ホセア書3章

世間の夫婦関係は、ギブ&テイクで成り立っている。どんなに愛し合っているように見えても、ただ与えるだけのギブ&ギブで成り立つ関係はありえない。ギブ&テイクのバランスが崩れ、それが長びけば、永遠の契りを交わしたはずの結婚関係も崩壊してしまう。それが、「人の愛」ではないか。

しかし、ホセアは、自らの体験を通して、「人の愛」に優る神の愛について語る。つまり、ギブ&ギブの愛であり、姦淫の妻を赦し、愛し続ける愛である。それがどれほど難しい注文であるかは明らかであるが、実際にホセアは、そのような行動を取るように命じられる。「再び行って、夫に愛されていながら姦通している女を愛せよ。ちょうど、ほかの神々に向かい、干しぶどうの菓子を愛しているイスラエルの人々を主が愛しておられるように。(1節)」当時「干しぶどうの菓子」は偶像崇拝アシェラの祭儀に使われた。だからまさに偶像崇拝に熱中しているイスラエルを、なおも神は愛しておられるように、というわけである。

神の愛に諭されて2節、ホセアは「銀十五シェケルと大麦一ホメル半で彼女を買い取った。」「銀15シェケルと大麦1ホメル半」というのは、当時の奴隷一人の値段であったとされる。恐らく、ゴメルは、姦淫の罪を重ねる内に、奴隷にされてしまったのだろう。何の値打ちもなくなってしまったどころか、一層深い犠牲を払うことになっても、ホセアは妻を連れ戻した。「これから長く、私のところにとどまって、もう姦淫をしたり、ほかの男と通じたりしてはならない。私も、あなたにそうしよう。」単に、形ばかり元の鞘に収まるというのではない。帰ってきたらとりあえず同居人となろう、というのでもない。愛の応答を得る、愛し愛される妻としてともに暮らそうという。

4節以降は、そのホセアの象徴的な行動を解釈する、イスラエルに対する神の愛についての解説になる。「王もなく、首長もなく」というのは、イスラエルが国家としての主権を失ったことを意味する。
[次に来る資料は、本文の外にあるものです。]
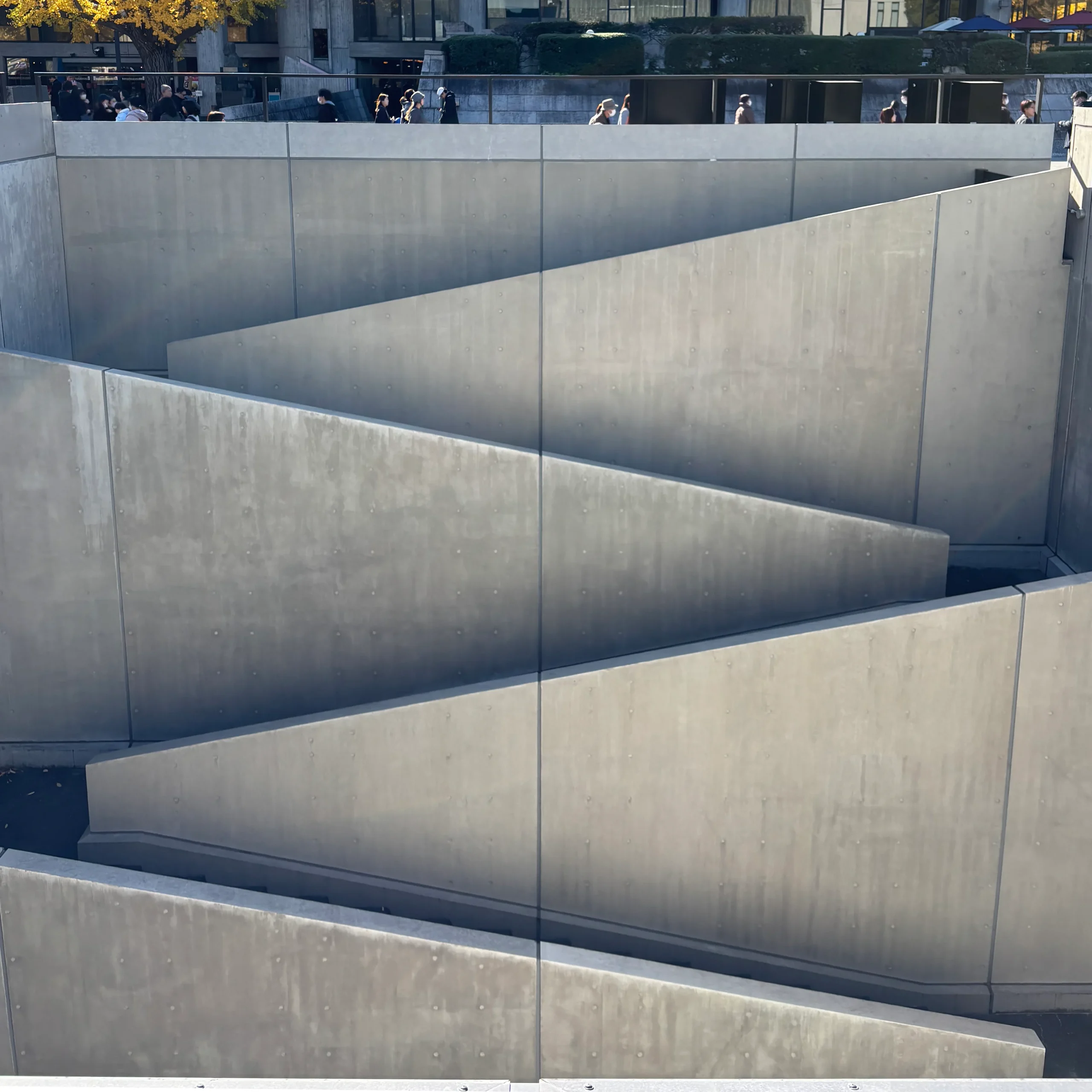 先日出かけてきた際に、不意に階段に目を取られて写真を取ってしまいました。コンクリート打ちっぱなしの階段ですが、どこかわからない地下へ続くことや、その大きさがとても魅力的に映りました。
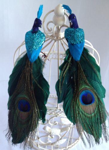 PEACOCK Wedding Cake Toppers Glittery Iridescent Blue Teal
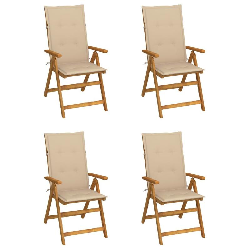 VidaXL Chaises Inclinables De Jardin Lot De 4 Et Coussins Bois Acacia - beige 3065350
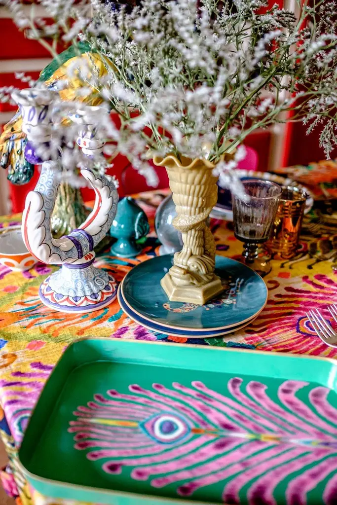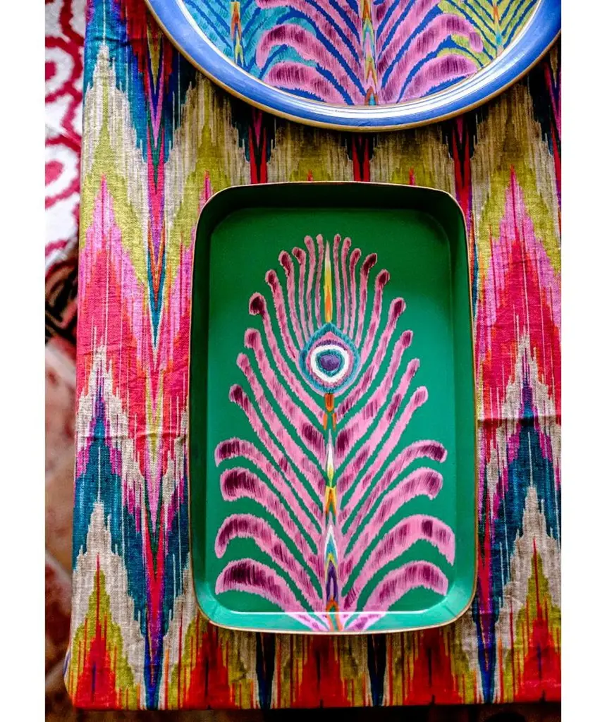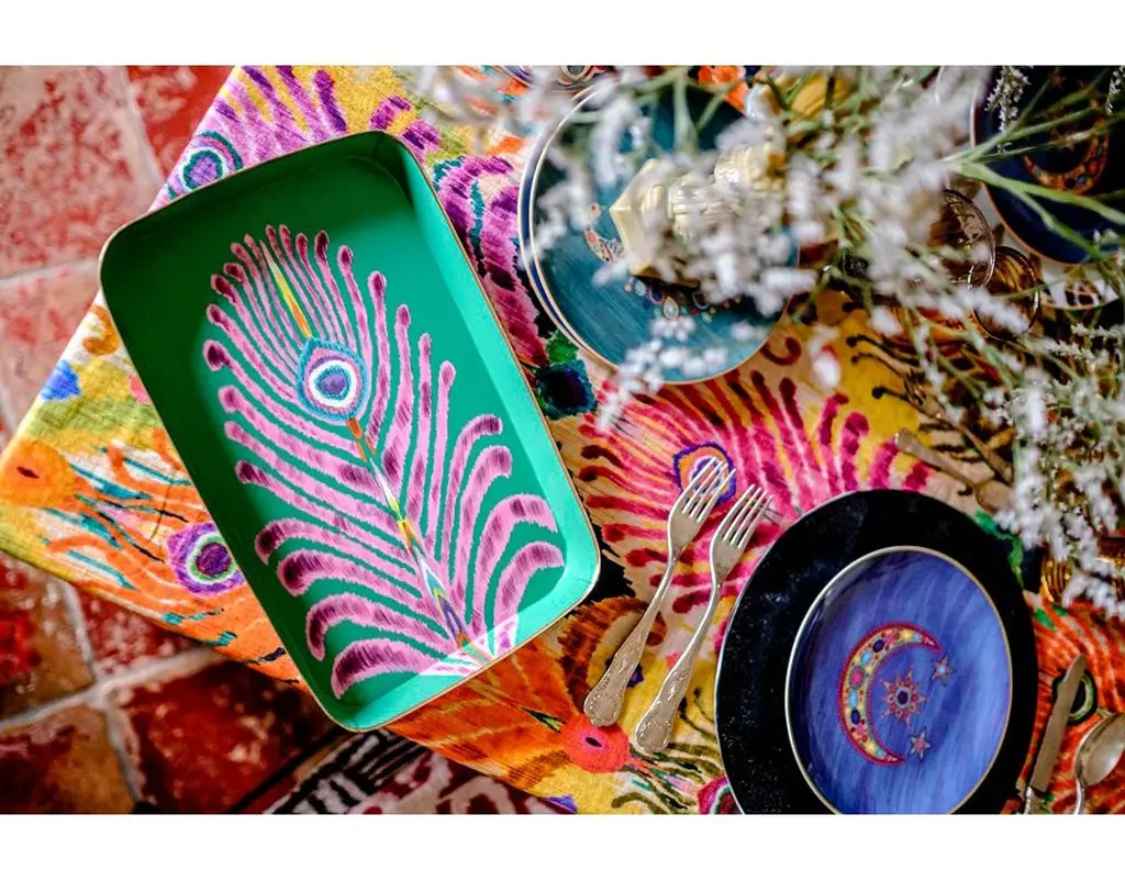 Renowned British designer Matthew Williamson, known for his bold use of colour and nature-inspired motifs, has created a tabletop and textile collection with Les Ottomans. This collaboration showcases his signature peacock design, featured here on an oval handprinted iron tray. With vibrant hues of blue, pink, purple, and yellow, this tray embodies Williamson's iconic style, bringing a touch of artistry to any space.Williamson's designs have seamlessly transitioned into interiors, with notable commissions at Blakes Hotel and Belmond La Residencia.

また、「いけにえも、石の柱も……なく」は、イスラエルが礼拝の祭儀を失ったことを意味する。「エポデも、テラフィムもなく」は、イスラエルが神の意志を確かめる手段を失ったことを意味する。つまり、ゴメルが奴隷とされたように、イスラエルがその不真実の故に、国と神殿を失い捕囚の民とさせられてしまうことを預言している。

しかしたとえ、そのように、イスラエルが無価値なものとなり、あたかも神に捨て置かれるような者になろうとも、「その後、イスラエル人は帰って来て、彼らの神、主と、彼らの王ダビデを尋ね求め、終わりの日に、おののきながら主とその恵みに来よう。」(5節)とあるように、神はこれを回復させられる。自らの不信仰がもたらした苦難にもかかわらず、イスラエルが自分の無力さを悟って、恐れおののきながら主の恵みを慕い求める時に、神はその愛によってこれを建て直す、という。

神の愛は深い。神の愛は、与え尽くし、変わらず真実である。大切なのは、その愛から迷い出ないことである。本当に自分を愛してくださる方を、見間違わないことである。ただひたすら私たちを愛してくださる神のもとに安らぎ、いつもその神の愛に応答する歩むをさせていただくこととしよう。